Tomasz Różycki was born in Opole, Upper Silesia in 1970. He was already singled out for his poetry at school, with an early poem was published in the journal “Polska Miedź”. Różycki studied Romance Languages at the Jagiellonian University in Cracow. He then worked as a French teacher at the Foreign Languages Teaching College in his native city. Alongside his work he translated poetry from French, publishing a translation of Stéphane Mallarmé’s “Un coup de dés jamais n’abolira le hasard” in 2005.
However, it was through his own poems that Różycki became well-known, and he has published six volumes of poems to date. His texts have appeared in the leading cultural magazines and literary journals such as “Czas Kultury”, “Odra” and “Studium” as well as in Bulgarian, Lithuanian, Ukrainian and German poetry anthologies. They have been translated into eight different languages.
He made his literary début in 1997 with a collection of poems entitled “Vaterland” (tr: Home country) which was shortly followed by the collections “Anima” (1999), “Chata umaita” (2001) and “Świat i Antyświat” (2003; tr: World and Antiworld), containing formally tight poems of hermetic content which combine cultural allusions with concrete descriptions.
In 2004 Różycki received the Prize of Geneva’s Koscielski Foundation for his poem “Dwanaście stacji” (2004; tr: Twelve Stations) and thus joined the ranks of Poland’s most important writers, among them Sławomir Mrożek, Zbigniew Herbert and Adam Zagajewski. In the same year a collection of Różycki’s first three volumes appeared under the title “Wiersze” (2004; tr: Poems).

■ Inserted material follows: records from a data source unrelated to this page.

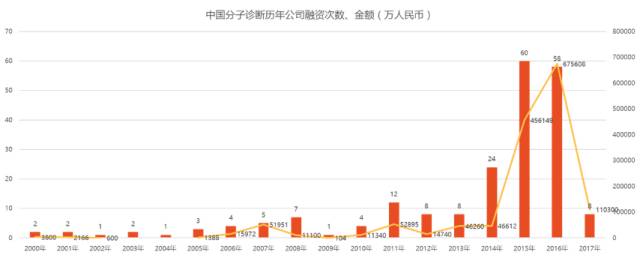 截止2017年7月中国分子诊断行业共披露融资次数210次,其中明确披露具体融资金额的有134笔,披露融资总金额为150.9亿元人民币,单笔融资额超过亿元人民币的有44笔。
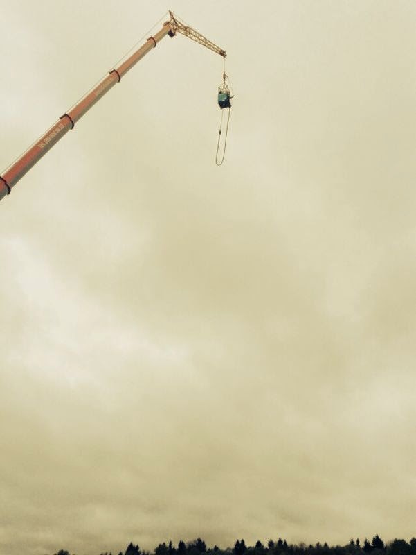 Still smiling on my way up! Funny moment - the wind blew during the ascent and I was shifting a bit so one of the two guys in the cherry picker had to hold onto my harness so that I didn't prematurely fall out.
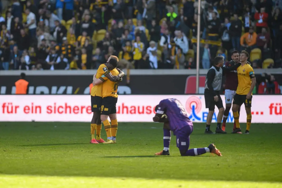 Dynamo feiert den Heimsieg, im Bild: Michael Akoto (links) und Paul Will (rechts), davon Maxwell Gyamfi (VfL Osnabrück). / IMAGO / Dennis Hetzschold
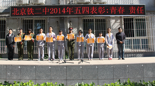 為了紀(jì)念“五四”運(yùn)動(dòng)95周年,表彰先進(jìn),樹立典型,2014年5月5日星期一,我校隆重舉行2014年“青春.責(zé)任”五四表彰儀式。
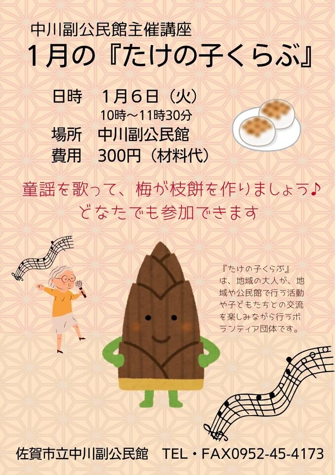 1月の中川副公民館主催講座『たけの子クラブ』の活動は、「梅が枝餅」作りと「童謡」を歌おう!です。毎月、たけの子くらぶの皆さんで、こども園の園児との交流のほか、「やってみたいこと」の計画を立てて楽しく活動していますが、1月は、新年らしく餅(梅が枝餅)を作って食べ、季節にちなんだ童謡をみんなで歌うようにしています。
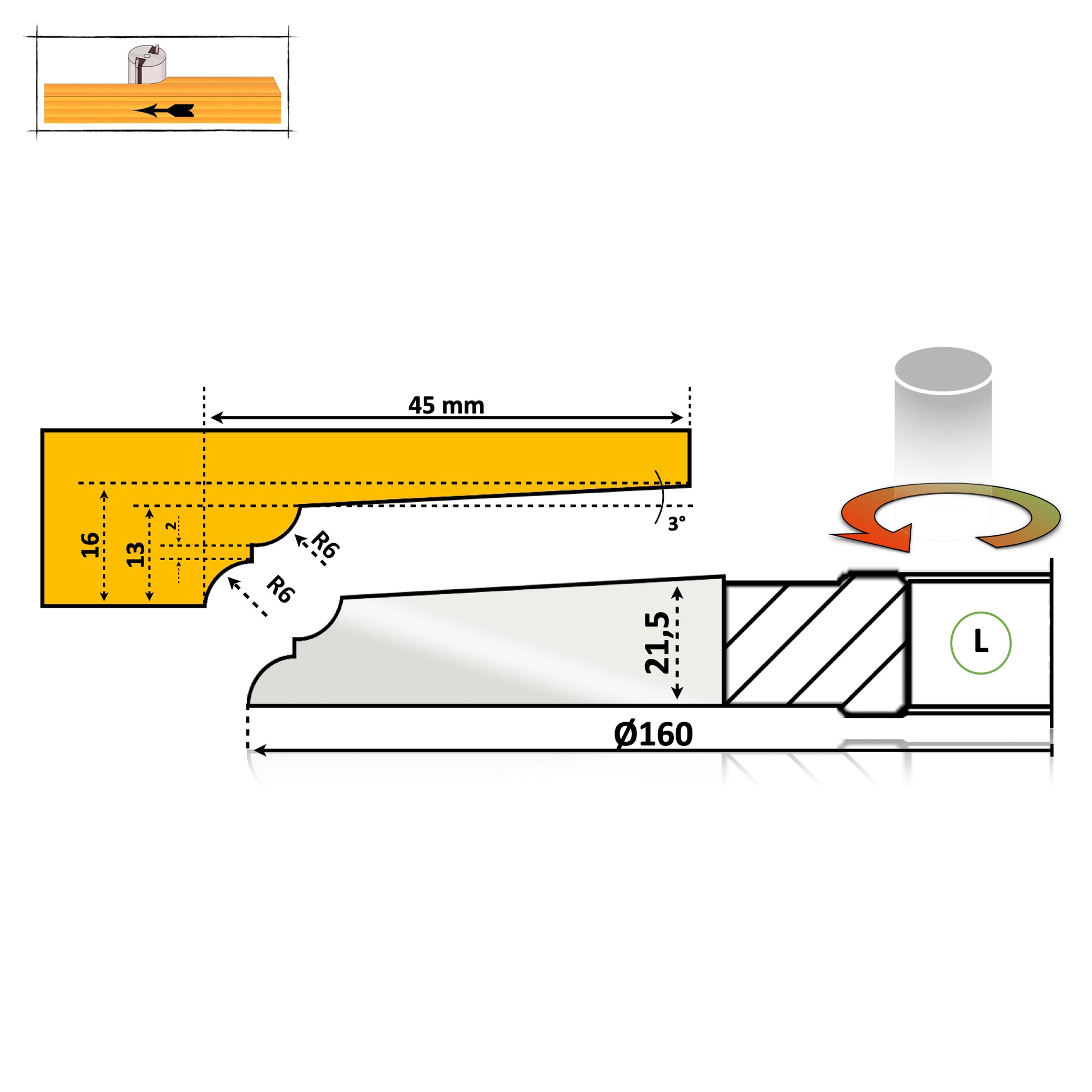 Freza pentru Tablie Uși Profil №13 | Brazat cu – HSS sau Vidia
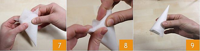 Você vai obter um cone com 3 pontas voltadas para cima 7: seguindo a direção delas, dobre as pontas para dentro do cone 8. O seu cone está pronto para ser preenchido 9.
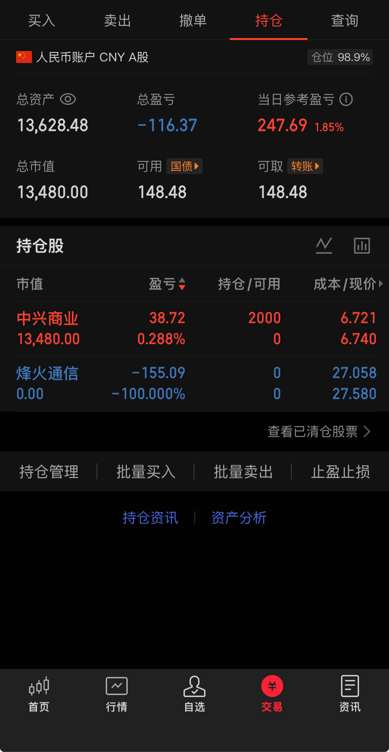 $烽火通信(SH600498)$ 烽火通信卖完了,不过赚钱走人没啥不对的,周末12甲发射,成功了周一高开,不成功就是利空没必要去赌,先走为妙反正赚到钱了,中兴商业我感觉应该有点东西就先买了#收盘点评# #炒股日记# #复盘记录#
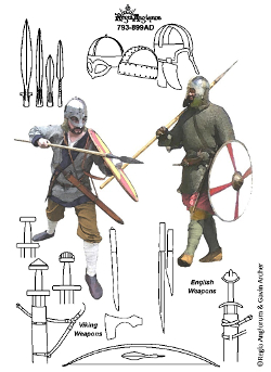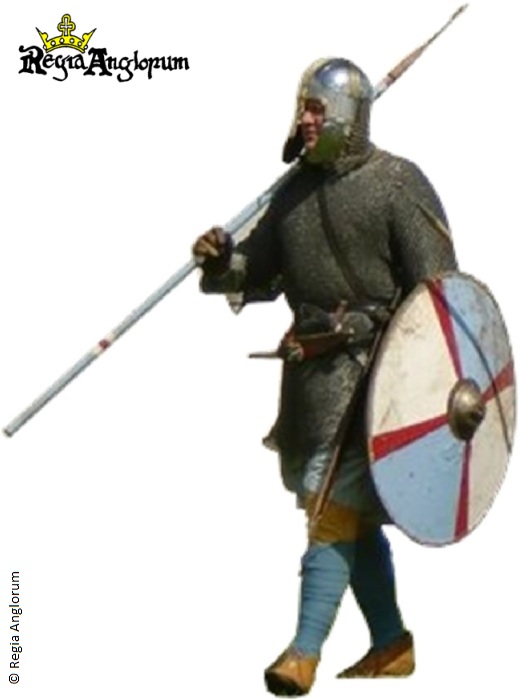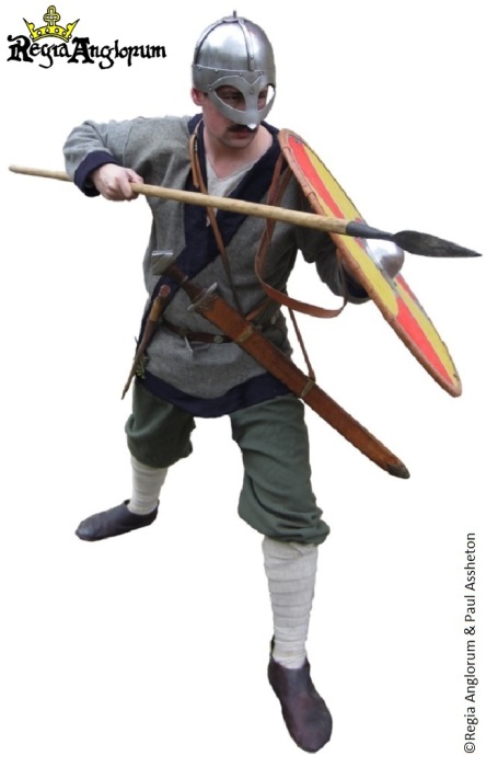 MikeA rich English warrior wearing a Coppergate style helmet and a mail shirt. He is armed with a sword, seax and spear and carries a lenticular shaped shield.
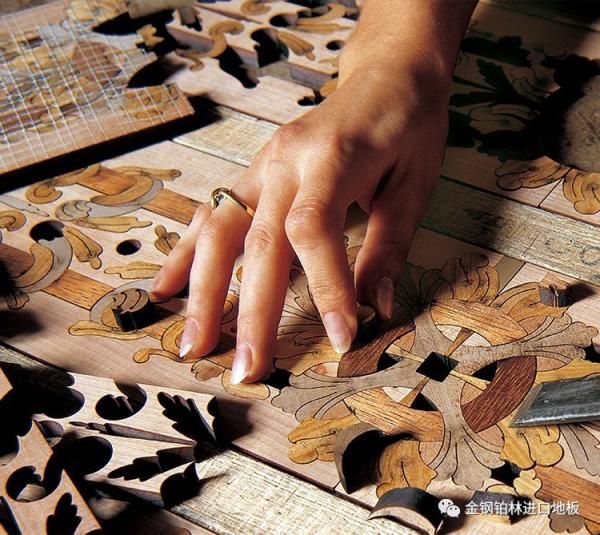 拼花地板源于几百年前欧洲巴洛克时期,皇宫贵族们用颜色各异的天然木种拼接成富丽堂皇的图案来装饰地面,是贵族和富人的象征。
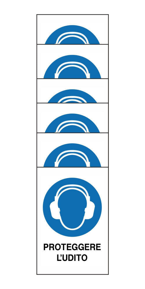 KIT DI 6 ADESIVI RETTANGOLARI - proteggere l'udito - Pittogramma ISO 7010 Con Stampa Diretta U.V. (IDEALE ANCHE PER ESTERNO)
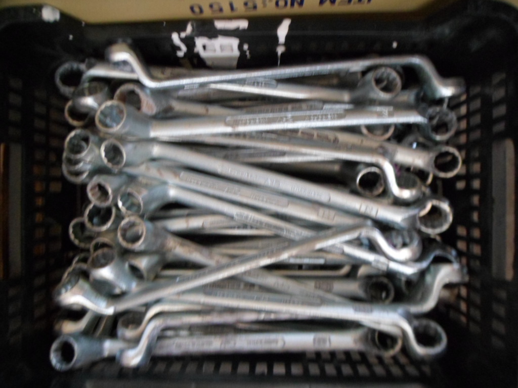 PARTIJ RINGSLEUTELS MAAT 19 & 22 / CHROME VANADIUM SLEUTELS ZIJN NIEUW MAAR ZITTEN BIJ ELKAAR IN EEN KIST EN SOMMIGE ZIJN WAT BESCHADIGD
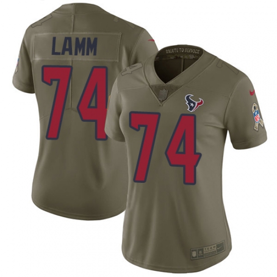 >Women's Nike Houston Texans #74 Kendall Lamm Limited Olive 2017 Salute to Service NFL Jersey
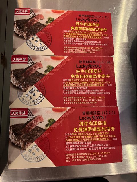 物品名稱:沃克牛排主餐第二套半價券3張/

His latest work, “Kolonie” (2006), brings together seventy-seven poems whose exotic titles such as “Ziemia Ognista” (tr: Fire earth) and “Cynamon i goźdiki” (tr: Cinnamon and cloves) present a striking contrast to the depictions of everyday Polish country life and the melancholic thoughts they contain.
Różycki, who has been awarded the Krzysztof Kamil Baczyński Prize and been nominated for Poland’s most important literary award, the Nike Prize, lives in his native city with his wife and two children.